Miguel Gutierrez appeals from his judgment of conviction for rape. Specifically, Gutierrez challenges the district court's allowance of a question posed by the jury to be admitted and answered at trial and the denial of his motion for a mistrial made during the prosecutor's rebuttal closing argument. For the reasons set forth below, we affirm.
FACTS AND PROCEDURE
The victim in this case is a nineteen-year-old woman. During an evening walk, the victim met Gutierrez while he was standing at a pay phone outside the motel where he was staying. After this introduction, the victim briefly met on a social basis with Gutierrez three times over the next two days. On their third meeting, at Gutierrez's motel room, Gutierrez made sexual advances toward the victim. According to the victim she refused his advances, and he then forcibly raped her. The victim reported the incident to the police, and Gutierrez was arrested and charged with one count of rape. I.C. § 18-6101(3). A jury found Gutierrez guilty after a trial. The district court sentenced Gutierrez to a unified term of ten years, with a minimum period of confinement of five years. Gutierrez appeals.
ANALYSISA. Jury Question
At trial, the jury submitted a question for a witness, the registered nurse (RN) who performed the rape kit examination on the victim. The question was whether it was unusual for rape victims to have no external physical injuries. Gutierrez objected to the question on the grounds of relevancy, foundation, and unfair prejudice. The district court overruled the objection and allowed the RN to answer the question. On appeal, Gutierrez asserts the district court erred in allowing the question. Gutierrez argues there was insufficient foundation establishing the RN had personal knowledge, as required by Idaho Rule of Evidence 602 1 , as to whether the alleged victims she previously examined had actually been raped. As a result, Gutierrez contends the RN did not have personal knowledge of whether it was unusual for victims of rape to not have external injuries. The state responds that Gutierrez did not object on the grounds of lack of personal knowledge under Rule 602 and, therefore, has not preserved that specific objection for appeal. The state also asserts that, even if Gutierrez had made such an objection, the testimony's admission was not error.

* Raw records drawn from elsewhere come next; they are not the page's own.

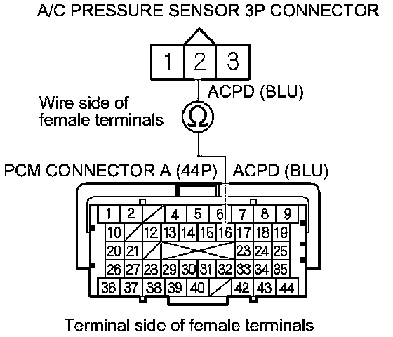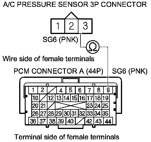 17. Check for continuity between PCM connector terminal A16 and A/C pressure sensor 3P connector terminal No. 2.
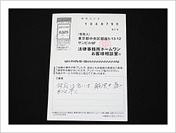 この度は本当にお世話になりました。過払い金でデジタルテレビ、エアコン、冷蔵庫を買わせて頂きます。そしてこれからはお金を大切に使っていきます。貴法律事務所ホームワン様の益々のご繁栄を心からお祈り申し上げます。ありがとうございました。
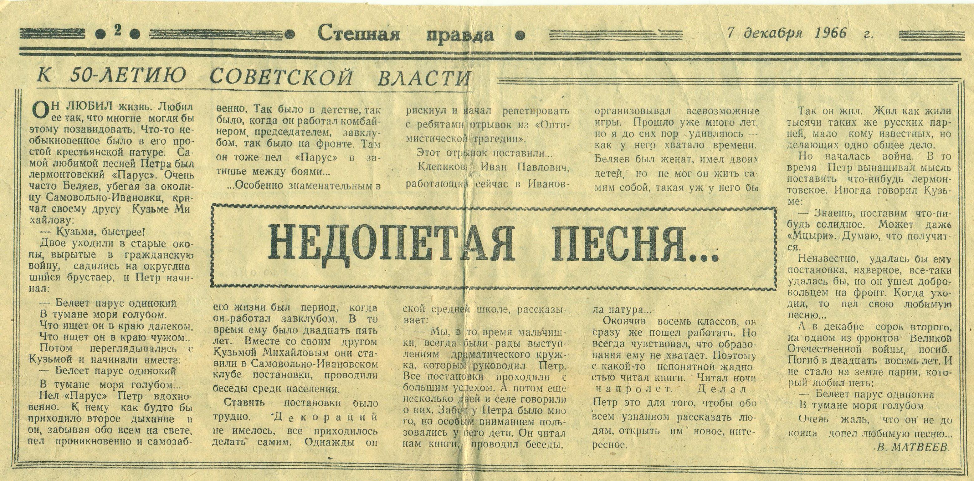 Информация записана со слов сына, Владимира Петровича Беляева: «Петр Беляев родился 10 июля 1913 года в селе Самовольно-Ивановка Алексеевского района Куйбышевской области. Работал механизатором, заведующим клубом. Был женат, имел двоих детей. Коммунист. В 1942 г. добровольцем ушел на фронт. Сначала работал на заводе в городе Чапаевск, затем в составе действующей армии отправлен на фронт. В письме к жене он сообщал, что 21 июня 1942 г. выбыл из города Урюпинск, далее шли на юг пешком. В июле 1942 г. остановились в Ростовской области, в хуторе Дубровский Ростовской области. Воевал на Сталинградском фронте в 153 стрелковой дивизии 566 стрелкового полка в Ростовской области, на берегу реки Дон. Погиб в звании рядового 20 декабря 1942 года. Похоронен в хуторе Мещеряковский Верхнедонского района Ростовской области».
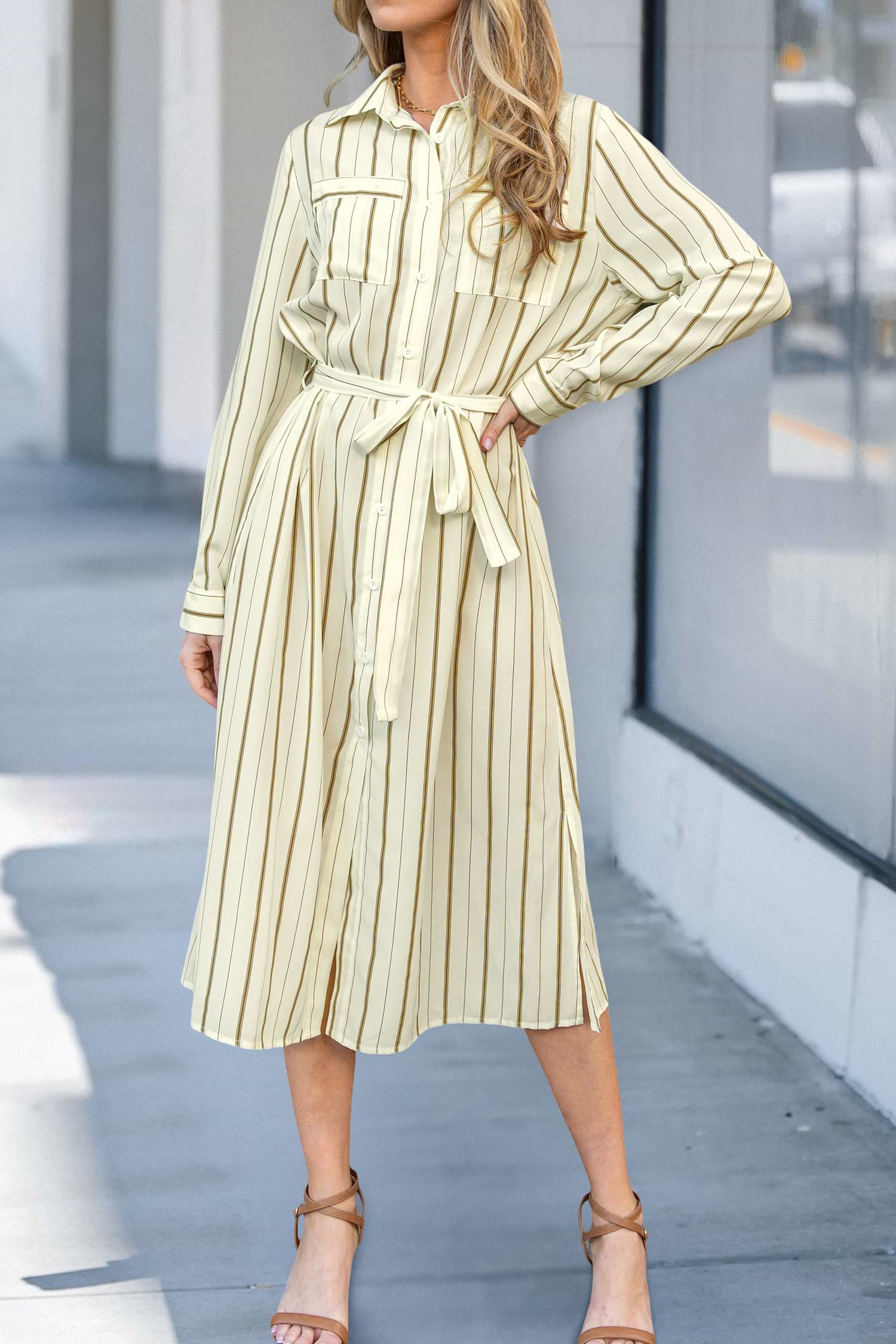 HomeYellow Striped Collared Long Sleeve Midi Dress
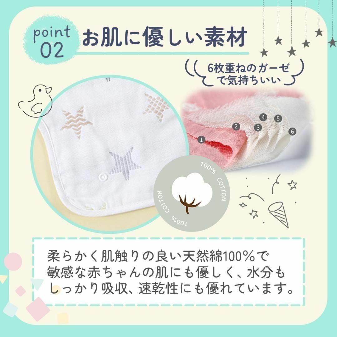 【吸水性・速乾性抜群】吸水性が高く速乾性があるため、よだれや汗を素早く吸収し、赤ちゃんの快適さを保つ。
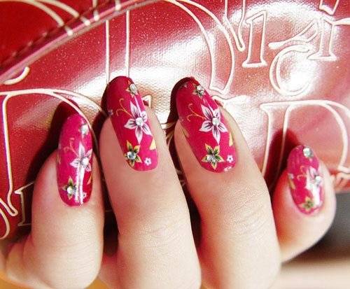 Из того, чем рисуют рисунки на ногтях, выделяют лаки, акриловые краски, изделия для декора, наклейки, стразы, фольгу, клей, акварель.
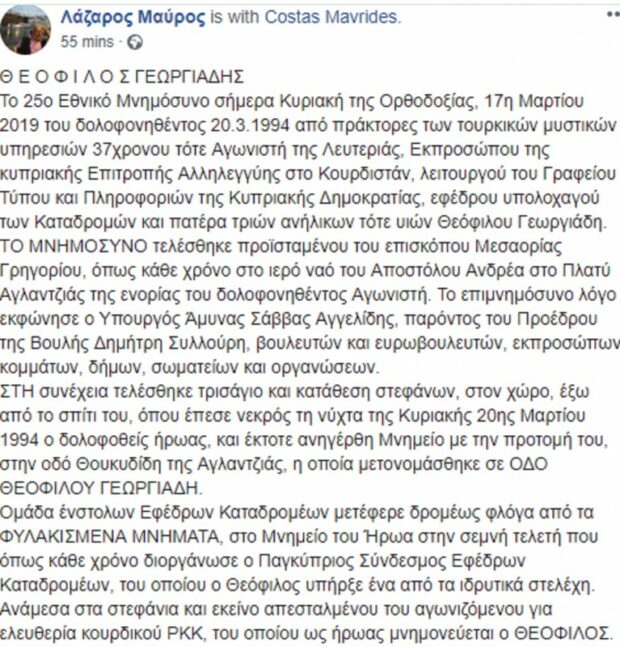 Με αισθήματα βαθιάς συγκίνησης και εθνικής περηφάνιας βρισκόμαστε σήμερα εδώ, για να αποτίσουμε τον ελάχιστο φόρο τιμής σε ένα γνήσιο και ανυποχώρητο αγωνιστή της ελευθερίας, έναν σπουδαίο άνθρωπο, έναν εθνικό και συνάμα παγκόσμιο επαναστάτη, τον Θεόφιλο Γεωργιάδη, που δολοφονήθηκε το 1994 από όργανα των μυστικών υπηρεσιών της Τουρκίας, έξω από το σπίτι του στην Αγλαντζιά.
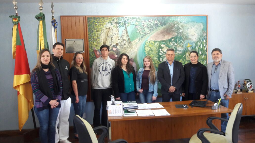 Na manhã de ontem, o Prefeito Municipal, Sedinei Rodrigues dos Santos, recebeu em seu Gabinete, o Presidente da Comissão Mista de Gestão do IFFar - Campus Jaguari, Carlos Eugênio Balsemão, a presidente da Associação Cultural Italiana do Vale do Jaguari, Karine Minuzzi, alguns integrantes da associação, e os intercambistas, os alunos Vandré Sonza, Flavia Ferrari dos Santos e Lucilene dos Santos. No ano passado, nós recebemos estudantes e professores italianos e, agora chegou a vez dos nossos alunos e servidor irem a Mirano. Sob a coordenação do servidor André de Lima Sabino, que também irá participar do intercâmbio, eles irão realizar um programa de atividades organizadas pela Escola 8 Marzo-Klorenz di Mirano na região do Veneto, Itália, visitando propriedades de agricultura familiar, objetivando avaliar as semelhanças e diferenças com a agricultura familiar de nosso município e também conhecer uma tecnologia de cobertura de vinhedos visando a proteção contra venenos de outras culturas, como a soja por exemplo. O tema é bastante atual e uma grande preocupação dos nossos produtores locais. O projeto prevê, ainda, que na volta seja realizada uma parte experimental na área do Campus Jaguari para avaliar os resultados, com acompanhamento dos professores da Itália, através de videoconferências.
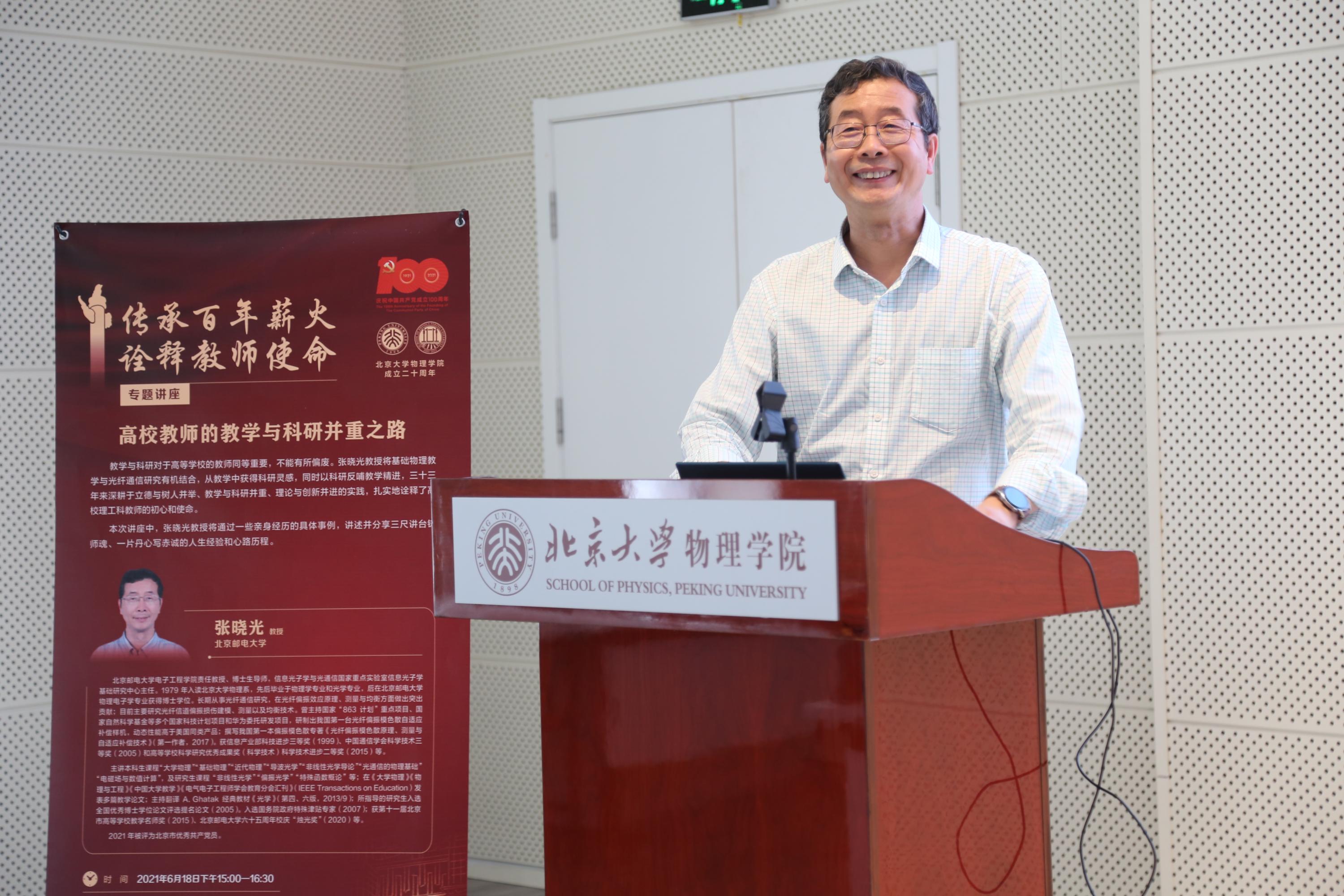 本次专题讲座是物理学院党委组织开展党史学习教育主题活动的重要环节,也是物理学院成立二十周年系列活动的重要内容;得到北京大学化学与分子工程学院、区域光纤通信网与新型光通信系统国家重点实验室的支持。
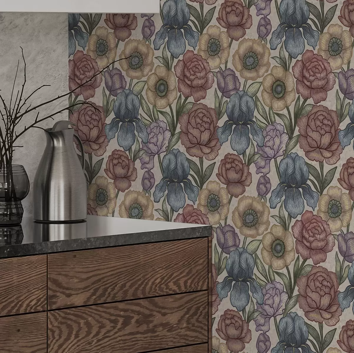 Papel de parede Grandes ilustrações florais com íris e peônias Nr. a00325

Generally, issues not raised below may not be considered for the first time on appeal. State v. Fodge, 121 Idaho 192, 195, 824 P.2d 123, 126 (1992). For an objection to be preserved for appellate review, either the specific ground for the objection must be clearly stated or the basis of the objection must be apparent from the context. State v. Sheahan, 139 Idaho 267, 277, 77 P.3d 956, 966 (2003). We conclude that Gutierrez's stated objection to lack of foundation was broad enough to encompass Rule 602 and, therefore, we consider the merits of the issue raised.
The decision whether to admit evidence at trial is generally within the province of the trial court. A trial court's determination that evidence is supported by a proper foundation is reviewed for an abuse of discretion. State v. Gilpin, 132 Idaho 643, 646, 977 P.2d 905, 908 (Ct.App.1999). Therefore, a trial court's determination as to the admission of evidence at trial will only be reversed where there has been an abuse of that discretion. State v. Zimmerman, 121 Idaho 971, 973-74, 829 P.2d 861, 863-64 (1992). When a trial court's discretionary decision is reviewed on appeal, the appellate court conducts a multi-tiered inquiry to determine: (1) whether the lower court correctly perceived the issue as one of discretion; (2) whether the lower court acted within the boundaries of such discretion and consistently with any legal standards applicable to the specific choices before it; and (3) whether the lower court reached its decision by an exercise of reason. State v. Hedger, 115 Idaho 598, 600, 768 P.2d 1331, 1333 (1989).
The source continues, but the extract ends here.